Un nombre surprenant de cadeaux arriva également — armures et armes de ceux qui détestaient assez Veridia pour offrir leur aide. Mais l'inquiétude sincère était rare. Seules quelques lettres la portaient, et parmi elles, celle de la princesse Amara se distinguait. Elle avait envoyé Anya en personne, insistant pour entendre de la bouche de Kai si le duel avait vraiment lieu. De toutes, il était facile de voir qu'elle était celle qui se souciait le plus.
Plus que ses subordonnés, qui avaient encaissé la nouvelle sans broncher. À présent, ils avaient assez vu de ce qu'il pouvait faire pour savoir qu'il ne marchait pas aveuglément vers l'abattoir. Et en vérité, Kai ne parvenait pas à s'inquiéter beaucoup non plus. Pas contre une Magus, pas avec la force qu'il maniait actuellement.

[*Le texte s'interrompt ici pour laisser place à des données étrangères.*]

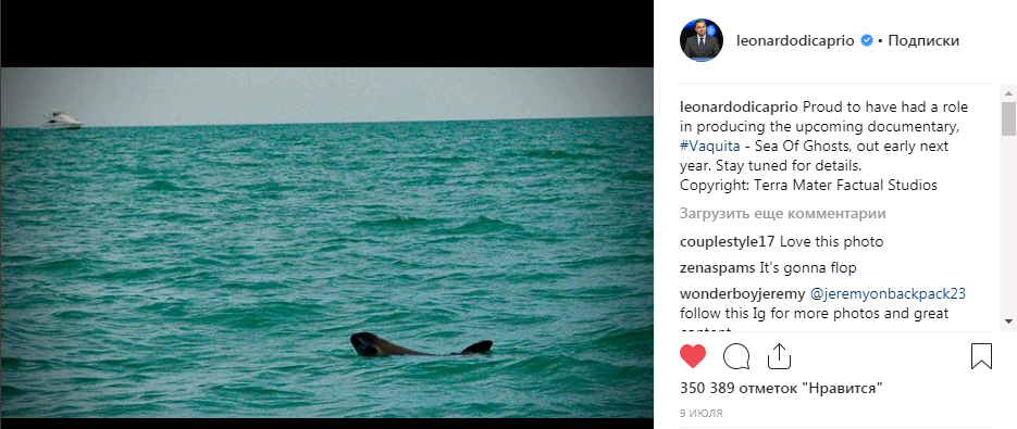 leonardodicaprio Горжусь продюсированием предстоящего документального фильма # Вакита - Мoре призраков, который выйдет в начале следующего года. Оставайтесь на связи, чтобы узнать детали.
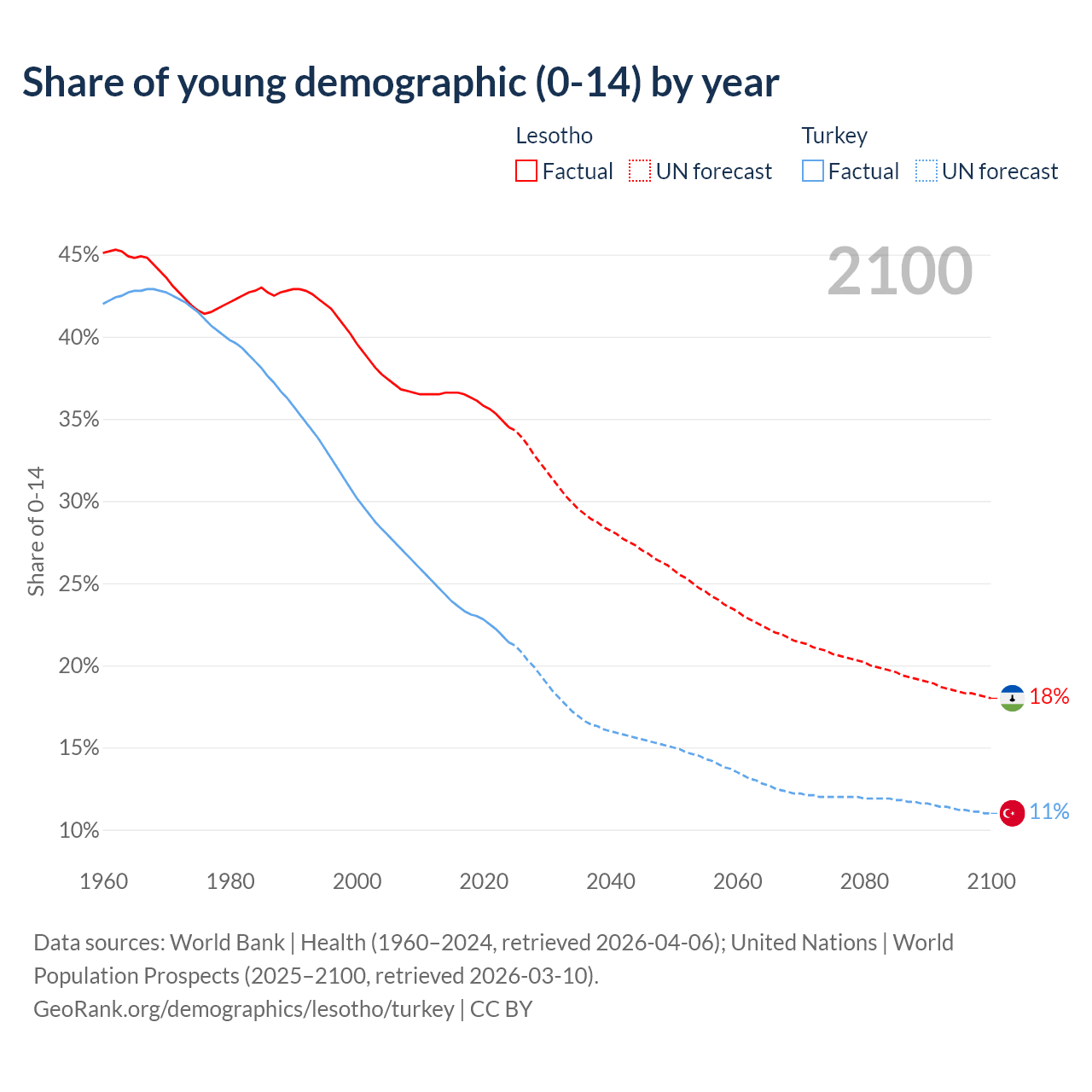 - The share of young demographic (0-15 years old) in Lesotho is 34.5% vs 21.4% in Turkey.

Il avait franchi le quatrième Cercle, et ses structures de sort étaient plus affûtées, plus rapides, plus efficaces que jamais. La méthode d'éveil qu'il avait traversée lui avait donné une régénération de mana à la hauteur de celle de Veridia, du moins selon ses estimations. Elle pouvait avoir des réserves plus vastes, oui — mais avec le mana ambiant dans l'air, cet avantage compterait pour peu. Les duels de Mages étaient des affaires brèves, brutales — quelques minutes tout au plus — où le but était d'incapaciter, non d'échanger des coups jusqu'à l'épuisement.

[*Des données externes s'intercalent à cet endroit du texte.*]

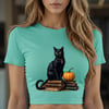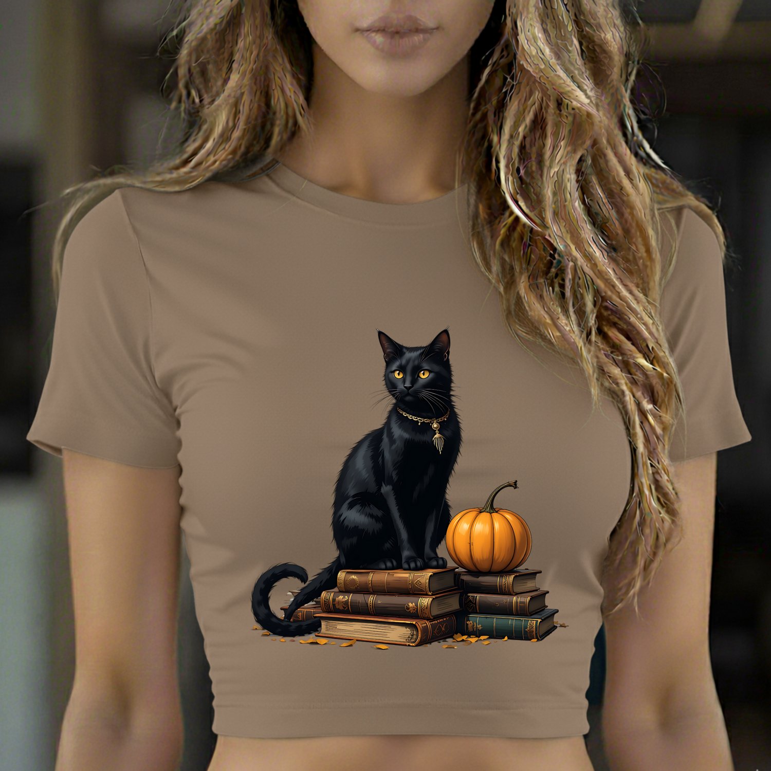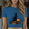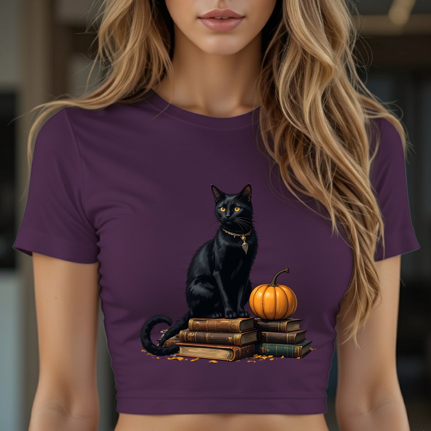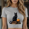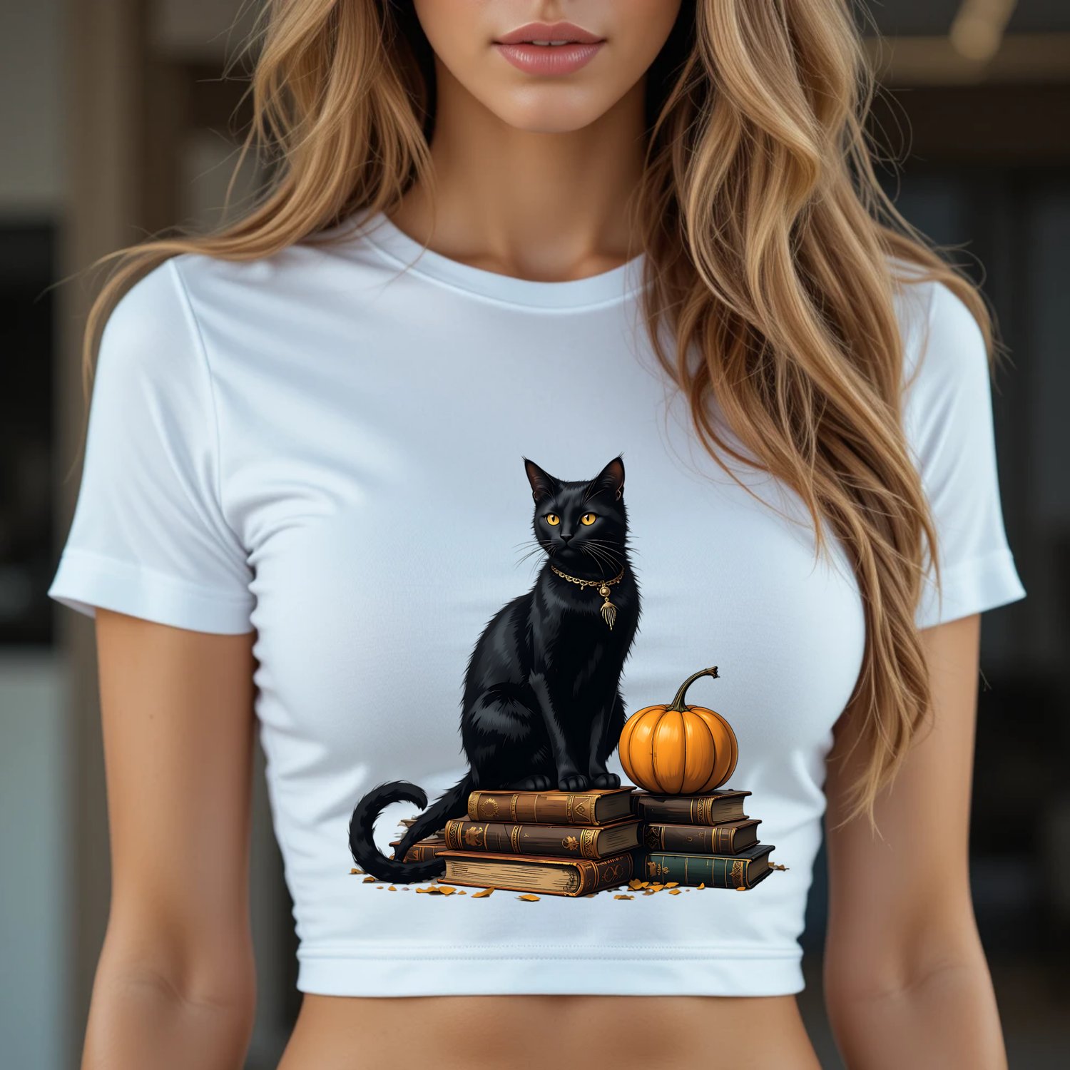Elegant digital clipart of a mystical black cat with a collar, sitting on old books and a pumpkin. Ideal for sublimation, crafting, and Halloween and fall projects.
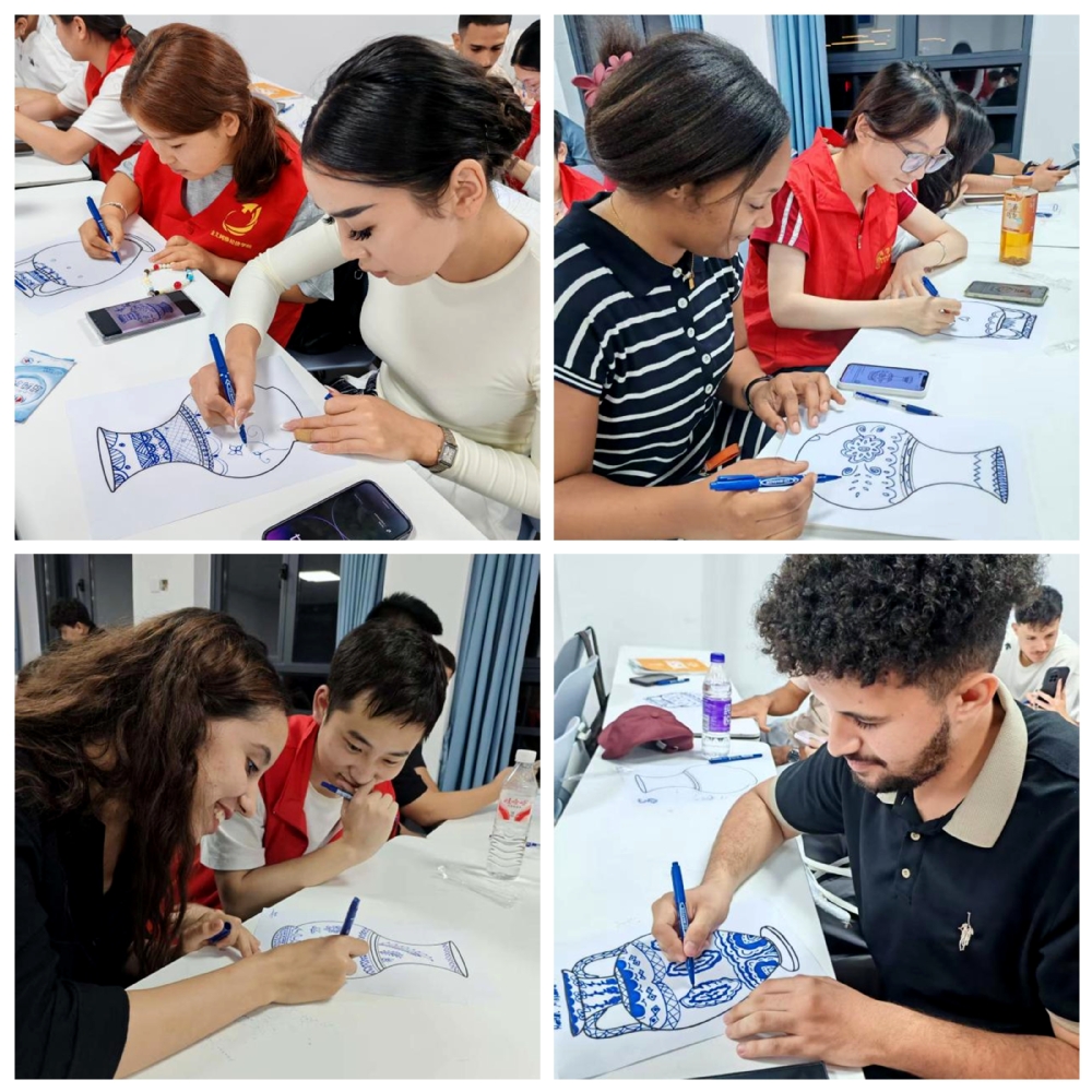 余音未绝,青花瓷韵接续上演。志愿者们为大家讲解了青花瓷的“前世今生”,以及缠枝莲、祥云、山水等经典纹样的美好寓意。从“青花缠枝莲纹的吉祥寓意”到“云纹的线条书写技巧”,志愿者们用通俗的语言讲解瓷纹背后的文化内涵与汉语言中的意象表达。随后,留学生们在志愿者的指导下化身“非遗传承人”,执笔青花,于素坯纸上悉心勾勒东方意蕴。笔触虽显生涩,专注却满含热情。有的临摹传统纹样,也有人将汉语诗句融入创作,在提笔与调墨间,亲身体验如何“以纹样讲述故事”。
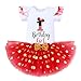 ♣ 【First Second Third Birthday】Adorable solid color tops with lovely polka dots special shiny letters "1st/2nd /3rd birthday girl"and cute ear printed,70'S 80's vintage retro tutu style,white and red patchwork,color block,elastic waistband tulle glittering sequin bowknot skirt,3 snap buttons at the crotch,easy to put on and take off,super cute outfit for little one princess!This cartoon fancy costume is perfect for your upcoming trip to a certain theme park
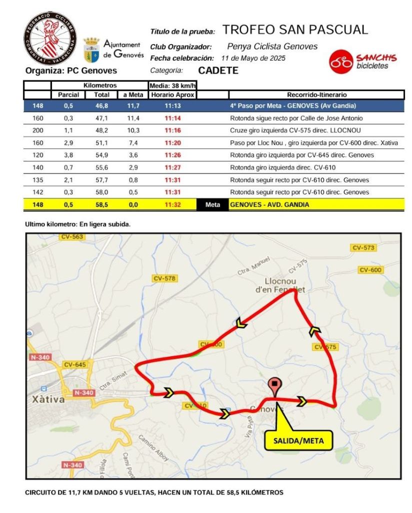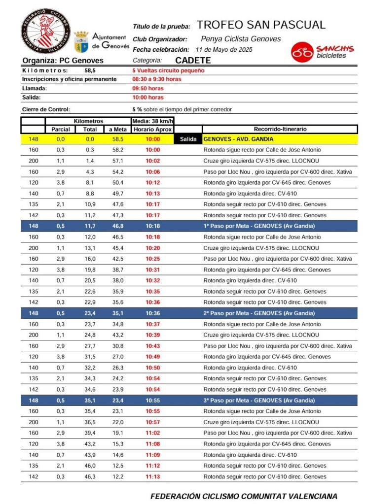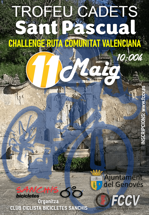 El domingo, 11 de mayo, Genovés recibe a la Challenge de Ruta de la Comunidad Valenciana de Cadetes. El Trofeu San Pascual, organizado por el CC Bicicletes Sanchis, dará comienzo a las 10 horas. Se ha diseñado un circuito de 11,7 kilómetros al que se darán cinco vuelta hasta completar los 58,5 km. fijados para la jornada.

Pourtant, la confiance n'excusait pas la complaisance. Même si le power-leveling n'était pas une option maintenant, la connaissance l'était. Et la connaissance était une arme qu'il pouvait affûter indéfiniment.

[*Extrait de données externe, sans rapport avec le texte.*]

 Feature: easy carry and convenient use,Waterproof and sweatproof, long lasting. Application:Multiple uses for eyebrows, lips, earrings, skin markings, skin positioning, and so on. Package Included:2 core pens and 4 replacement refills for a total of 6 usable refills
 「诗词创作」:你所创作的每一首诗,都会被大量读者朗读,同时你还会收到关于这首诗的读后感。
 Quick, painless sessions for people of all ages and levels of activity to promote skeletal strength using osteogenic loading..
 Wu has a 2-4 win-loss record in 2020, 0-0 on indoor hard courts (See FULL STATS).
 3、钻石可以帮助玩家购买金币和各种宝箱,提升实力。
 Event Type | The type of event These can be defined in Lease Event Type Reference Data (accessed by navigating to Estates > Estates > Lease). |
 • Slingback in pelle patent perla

Les Guetteurs dans la capitale creusaient déjà le passé de chaque figure notable — ennemis potentiels inclus. D'un seul ordre, Kai fit mettre devant lui leurs découvertes sur Veridia. Des tomes de la bibliothèque de la Tour d'Archine, des archives poussiéreuses thésaurisées par des nobles, des anecdotes chuchotées parmi le peuple, voire des ballades à demi oubliées chantées par des bardes dans sa jeunesse.
Un portrait commença à se dessiner.
Veridia avait jadis été une Mage de guerre — son nom cousu dans l'histoire militaire du royaume sous plusieurs titres, le plus durable étant Sorcière du Ciel Nocturne. Elle s'était frayé un chemin vers le haut par la seule force, soumettant des bêtes dangereuses, remportant des duels contre quiconque osait la défier, et laissant derrière elle une traînée d'admirateurs et d'ennemis.
Elle avait de l'expérience — des montagnes. Les duels de Mages lui étaient aussi familiers que respirer, et c'était peut-être pour cela qu'elle avait eu l'assurance de le provoquer.
Mais elle n'en avait pas livré un depuis des ans.
Kai doutait que cela veuille dire qu'elle était rouillée. Une Magus ne rouille pas — elles s'adaptent, elles apprennent, et les dangereuses n'oublient jamais. Alors il continua de lire, tournant page après page, mémorisant les tactiques, notant ses sorts favoris et ses victoires.
Le duel était presque sur lui, et quand le moment viendrait, il avait l'intention d'être prêt.